### GOAL OF THE EXERCISE
Scan the records below for the line with "10月23至25日,陕西省第" and the line with "片中森山未来在饰演的晃生活中", and retype that range exactly, both ends included, pictures excepted.

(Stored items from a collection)
========

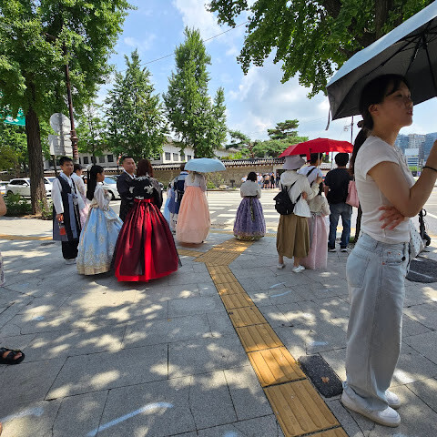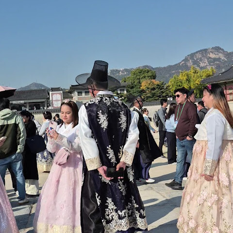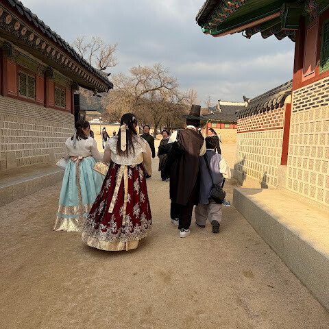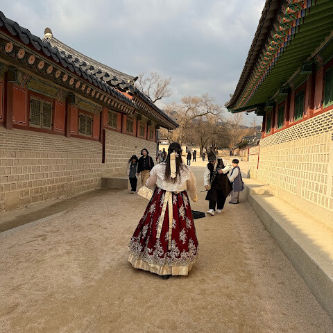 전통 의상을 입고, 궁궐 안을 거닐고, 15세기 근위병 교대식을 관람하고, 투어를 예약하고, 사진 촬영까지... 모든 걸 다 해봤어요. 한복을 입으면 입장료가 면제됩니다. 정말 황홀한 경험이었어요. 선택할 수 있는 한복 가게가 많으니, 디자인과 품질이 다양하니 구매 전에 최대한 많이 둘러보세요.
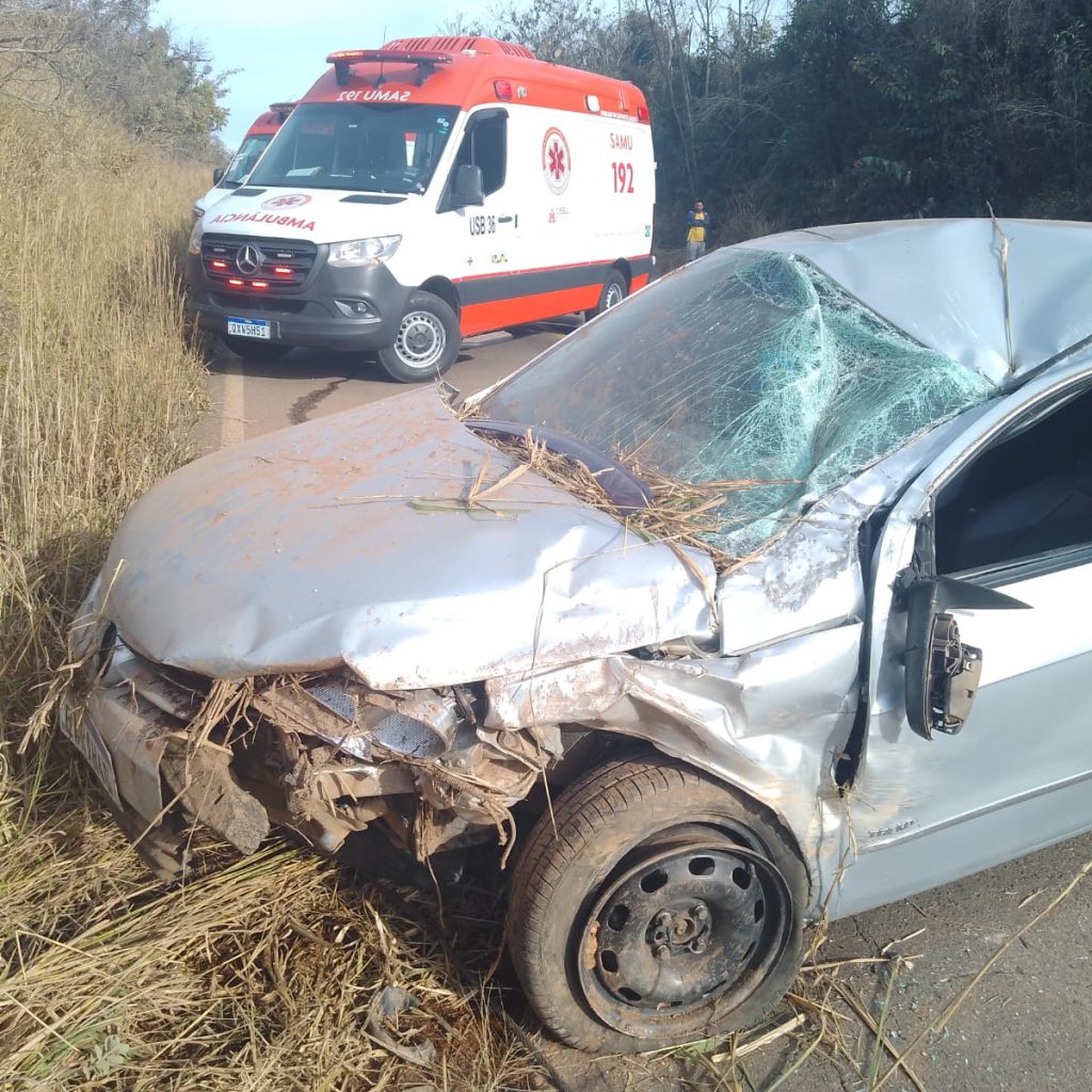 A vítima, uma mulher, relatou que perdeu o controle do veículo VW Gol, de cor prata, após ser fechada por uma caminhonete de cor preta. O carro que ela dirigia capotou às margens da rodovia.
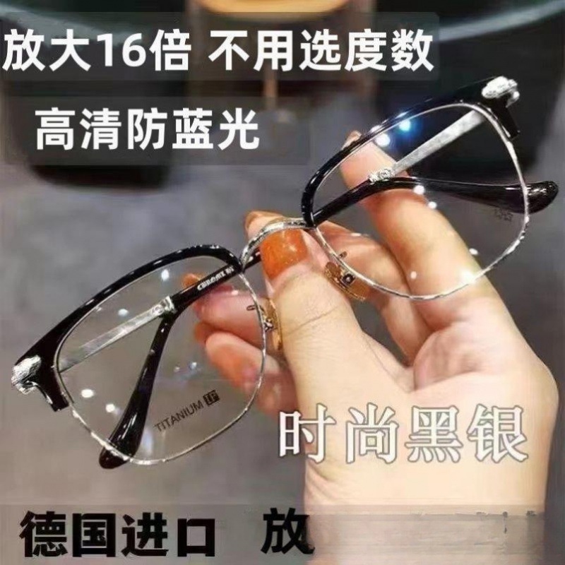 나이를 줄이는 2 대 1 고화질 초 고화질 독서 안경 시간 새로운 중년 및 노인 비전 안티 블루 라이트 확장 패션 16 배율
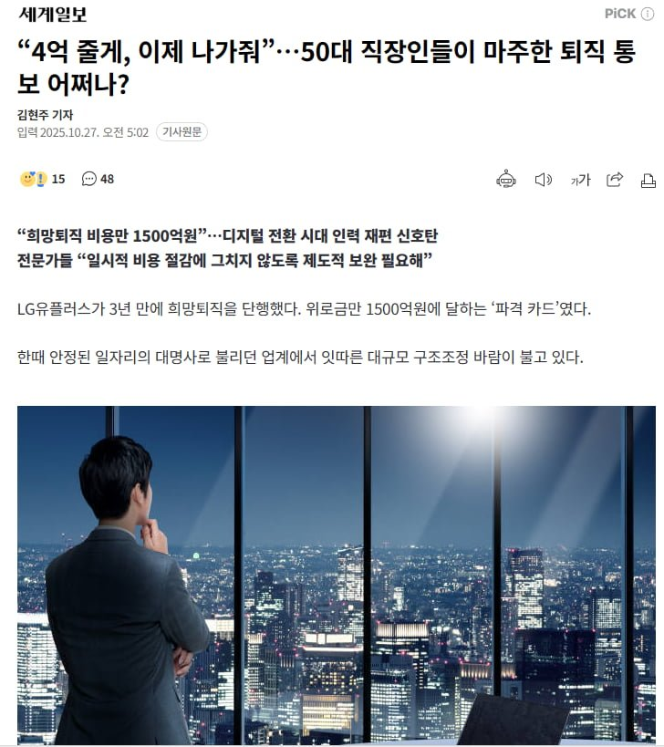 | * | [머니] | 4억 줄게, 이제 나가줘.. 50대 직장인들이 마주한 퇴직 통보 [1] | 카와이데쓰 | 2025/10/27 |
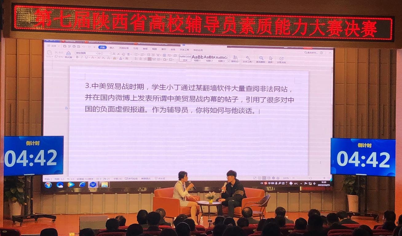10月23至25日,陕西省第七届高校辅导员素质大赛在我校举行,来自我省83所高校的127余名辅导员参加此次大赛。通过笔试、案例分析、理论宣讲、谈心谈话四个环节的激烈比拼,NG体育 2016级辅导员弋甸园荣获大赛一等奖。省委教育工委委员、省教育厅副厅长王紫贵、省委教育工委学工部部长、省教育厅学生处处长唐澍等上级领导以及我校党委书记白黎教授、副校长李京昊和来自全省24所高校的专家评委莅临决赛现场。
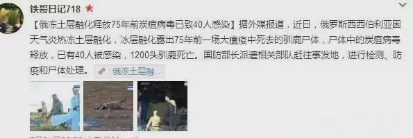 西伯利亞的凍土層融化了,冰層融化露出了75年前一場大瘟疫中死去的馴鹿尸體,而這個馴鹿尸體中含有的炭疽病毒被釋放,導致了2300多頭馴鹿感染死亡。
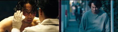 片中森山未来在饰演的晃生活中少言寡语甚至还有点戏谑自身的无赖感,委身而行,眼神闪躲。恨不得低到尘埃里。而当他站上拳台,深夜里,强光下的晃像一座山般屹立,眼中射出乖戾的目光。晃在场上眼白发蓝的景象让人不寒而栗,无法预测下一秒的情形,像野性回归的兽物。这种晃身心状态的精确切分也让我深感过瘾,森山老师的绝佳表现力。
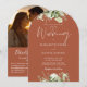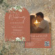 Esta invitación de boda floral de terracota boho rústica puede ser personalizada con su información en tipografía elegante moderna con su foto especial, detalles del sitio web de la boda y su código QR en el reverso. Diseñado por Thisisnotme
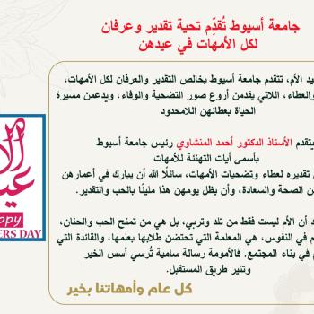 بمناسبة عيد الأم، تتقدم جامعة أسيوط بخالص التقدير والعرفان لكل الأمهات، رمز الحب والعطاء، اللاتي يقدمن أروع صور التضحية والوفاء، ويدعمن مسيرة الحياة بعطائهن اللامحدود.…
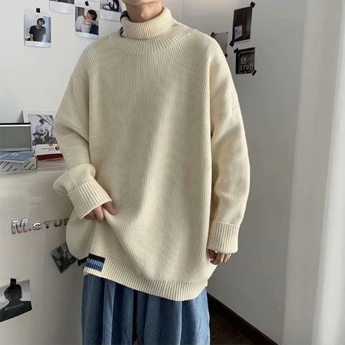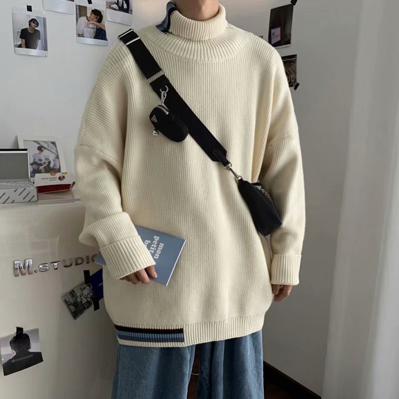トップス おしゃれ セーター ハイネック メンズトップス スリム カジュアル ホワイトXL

========

### REPLY
10月23至25日,陕西省第七届高校辅导员素质大赛在我校举行,来自我省83所高校的127余名辅导员参加此次大赛。通过笔试、案例分析、理论宣讲、谈心谈话四个环节的激烈比拼,NG体育 2016级辅导员弋甸园荣获大赛一等奖。省委教育工委委员、省教育厅副厅长王紫贵、省委教育工委学工部部长、省教育厅学生处处长唐澍等上级领导以及我校党委书记白黎教授、副校长李京昊和来自全省24所高校的专家评委莅临决赛现场。
 西伯利亞的凍土層融化了,冰層融化露出了75年前一場大瘟疫中死去的馴鹿尸體,而這個馴鹿尸體中含有的炭疽病毒被釋放,導致了2300多頭馴鹿感染死亡。
 片中森山未来在饰演的晃生活中少言寡语甚至还有点戏谑自身的无赖感,委身而行,眼神闪躲。恨不得低到尘埃里。而当他站上拳台,深夜里,强光下的晃像一座山般屹立,眼中射出乖戾的目光。晃在场上眼白发蓝的景象让人不寒而栗,无法预测下一秒的情形,像野性回归的兽物。这种晃身心状态的精确切分也让我深感过瘾,森山老师的绝佳表现力。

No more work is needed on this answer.